In recent years, electrochemical supercapacitors are
expected to
represent the future of energy storage device technology. Specifically,
the excellent electrochemical performance with long cycle life, high
energy, and power density is considered an essential criterion for
commercial applications. Herein, we constructed a novel composite
of neodymium cobalt oxide-encapsulated graphene oxide nanocomposite
(NCO/GO) via a simple and robust method for a symmetric supercapacitor
(SSC) device. The prepared samples were securitized by X-ray diffraction,
Fourier transform infrared spectroscopy, Raman, X-ray photoelectron
spectroscopy, field emission scanning electron microscopy, high-resolution
transmission electron microscopy, and Brunauer–Emmett–Teller
analysis. The as-synthesized NCO/GO is deposited on nickel foam (NF)
and used as a supercapacitor electrode (NCO/GO/NF), which exhibits
superior specific capacitance (C
s) of
1080.92 F g–1 at 1 A g–1 and fantastic
cycling life with ∼89.42% retention after 10,000 cycles at
10 A g–1 in 1.0 M KOH aqueous electrolyte.
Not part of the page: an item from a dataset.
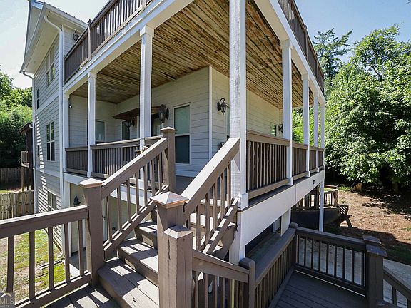 What a spectacular slice of Athens paradise. Situated in the heart of DAWG country and boasting unsurpassed convenience to Downtown Athens, the Classic Center, Dooley Field at Sanford Stadium and UGA-this showcase craftsman is a true CLASSIC! Upgraded with standout appointments and move-in ready condition, this "Charleston-styled" tri-level boasts a dynamic plan that definitely stands out. As you approach, the verdant, lush lawn accented by hard-scape draws you in. Greeted with double piazza decks, outdoor living options are definitely not limited. Welcomed by the main floor you're immediately taken back by this homes conversation piece, the 3rd floor balcony overlooking the great room. The palatial ceilings adds immense charm, and allows natural light to engulf the space. Quite spacious, the great room is the perfect gathering spot, and boasts a fireplace as well offers the quintessential entertaining layout overlooking the kitchen. Well equipped and stacked with upgrades, the gourmet kitchen features it all-Custom cabinets accented by a tile backsplash, butcher block counters offer ample space for meal prep, even more space is provided with the granite-topped island, not 1 but 2 pantry options, and was recently upgraded with a completed stainless appliance package. To ensure ample seating for all, the kitchen offers an extended, raised breakfast bar and an oversized sunlit dining room that could easily seat 8+. The main floor is complete with a guest bedroom, perfectly appointed full bath, and the laundry room for added convenience. Ascend the stairs to find an additional all-inclusive bedroom suite with private full bath, as well as the owner's suite. No stone left unturned, the primary is an extraordinary retreat enhanced with a double tray ceiling, spacious closet with shelving, ensuite bath and private access to the 3rd floor balcony with extended views of Downtown Athens. The primary lavatory continues to inspire with a dual-sink vanity, large tiled shower, and Whirlpool tub encouraging relaxation. Where's the upper level balcony you may ask...through French doors this owner's retreat gives way to 360' catwalk balcony with stunning views. It's truly a unique experience and would make the perfect library. Need even more room to expand? The lower level provides an additional bedroom and full bath with private exterior access. Although the wrap-around decks are glorious, you may prefer a more private setting, and the rear screened porch provides the perfect spot for year-round enjoyment. An open-air deck extends off the porch creating the perfect spot for grilling out. Adding to this total package is the fenced rear and side yard perfect for your fur babies, plus an additional storage building tucked away under the rear stairs. Providing an extra sense of security, both HVAC systems as well as the water heater were updated within the last year. Superior Convenience, Sought-after Location, and Upgraded Features combine to create the cool vibe that is N. Poplar Street!!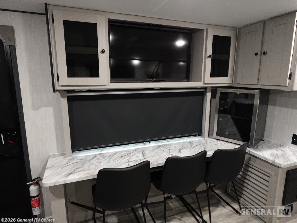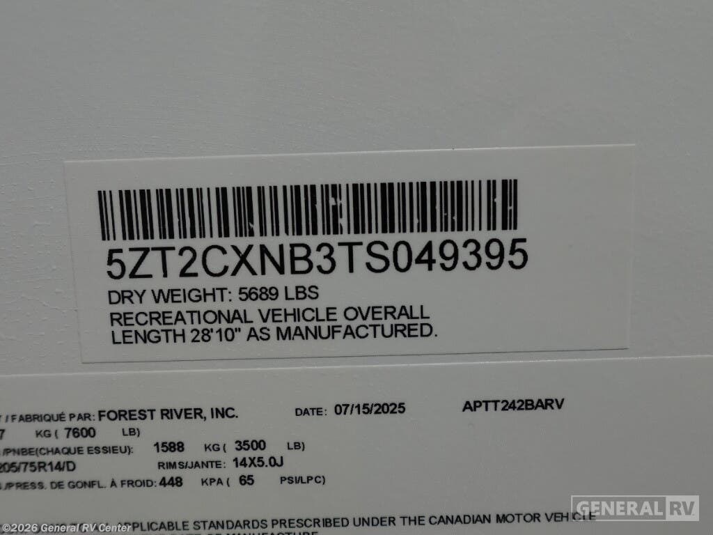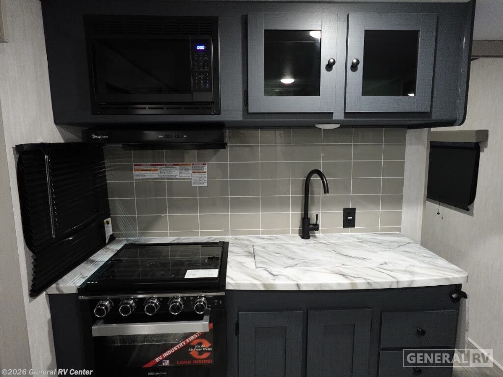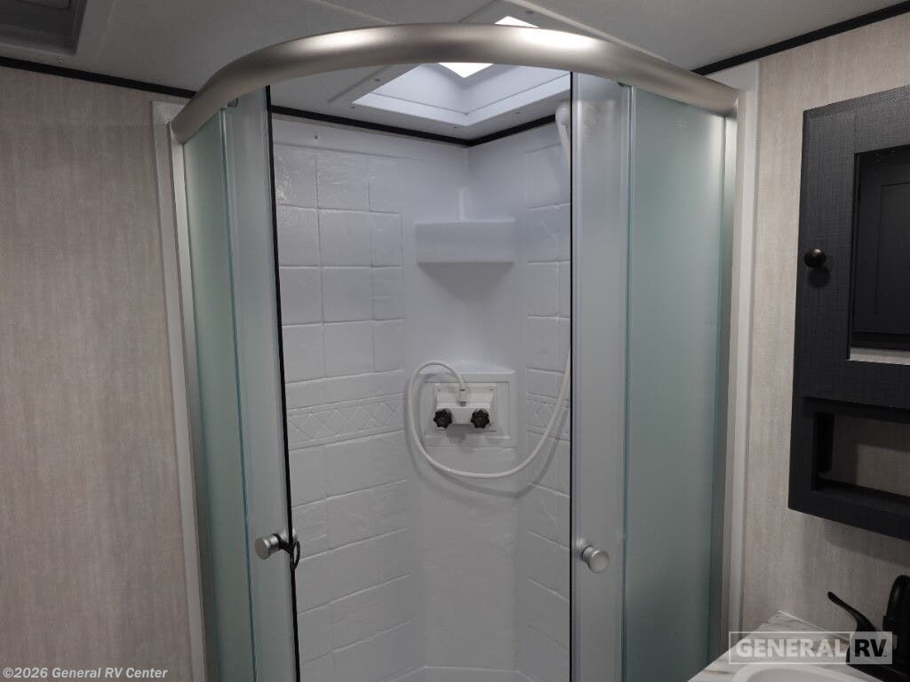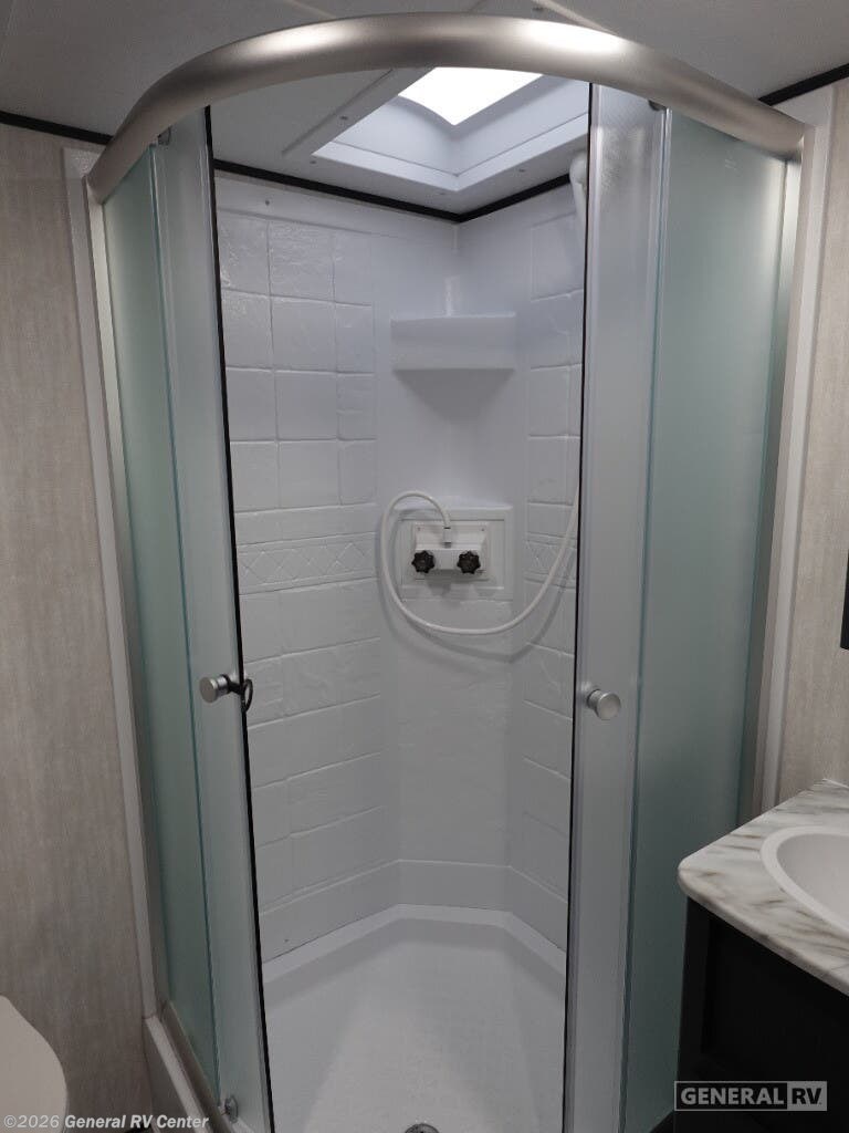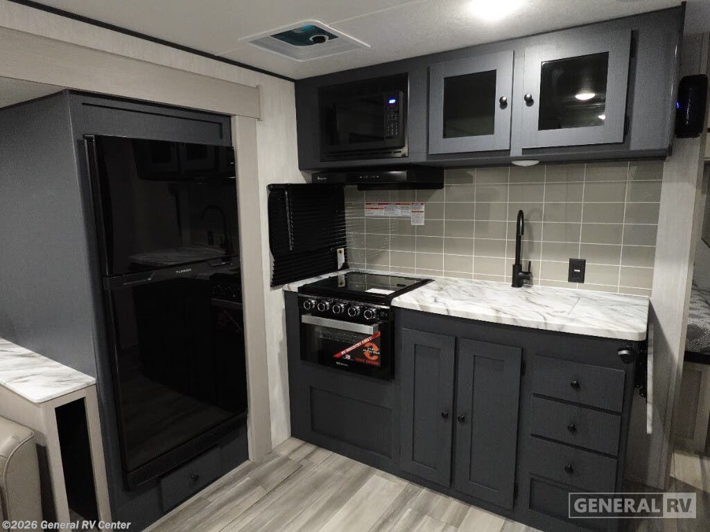 Experience the perfect blend of comfort and convenience with the 2026 Coachmen Apex Ultra-Lite 242BARV. This travel trailer is designed for those who seek adventure without compromising on modern amenities. With a length of just under 29 feet, it offers a spacious yet cozy environment, perfect for a family of four. The front bedroom features a luxurious queen bed with ample storage, ensuring restful nights under the stars. The center living area invites relaxation with its 68" tri-fold sofa, ideal for lounging or converting into an extra sleeping space. The heart of this RV is its well-appointed center kitchen, complete with a bar countertop and stools, making it a delightful spot for meals and gatherings. The kitchen is equipped with a mid-size electric refrigerator and a three-burner cooktop, offering all the comforts of home cooking. The rear bath provides privacy and convenience, featuring a 34" corner shower with a sleek plastic and glass design. Outside, enjoy the 16-foot powered retractable awning, perfect for extending your living space into the great outdoors. With a cargo capacity of 1828 pounds, you'll have plenty of room for all your gear and essentials. Embrace the open road with the Coachmen Apex Ultra-Lite 242BARV, and make every journey a memorable one. For more details, visit your nearest General RV dealership and explore this incredible travel trailer in person!

A tremendous
electrochemical performance of the hybrid nanocomposite electrode
is obtained from the good redox activity and synergistic effects of
the NCO spherical-like nanoparticles combined with the GO nanosheets.
Furthermore, the assembled SSC device delivers significantly enhanced
power density (932.93 Wh kg–1) and energy density
(210.42 mWh kg–1). Moreover, the SSCs exhibit excellent
cycling stability with ∼82.19% capacity retaining over 10,000
charge/discharge cycles. Remarkably, a 1.8 V red light-emitting diode
(LED) can be lit up for more than 10 min by series connection SSCs.
Thus, the obtained results indicated that the NCO/GO/NF//NCO/GO/NF
symmetric device has a robust and cost-effective electrode material
for high-performance supercapacitor systems.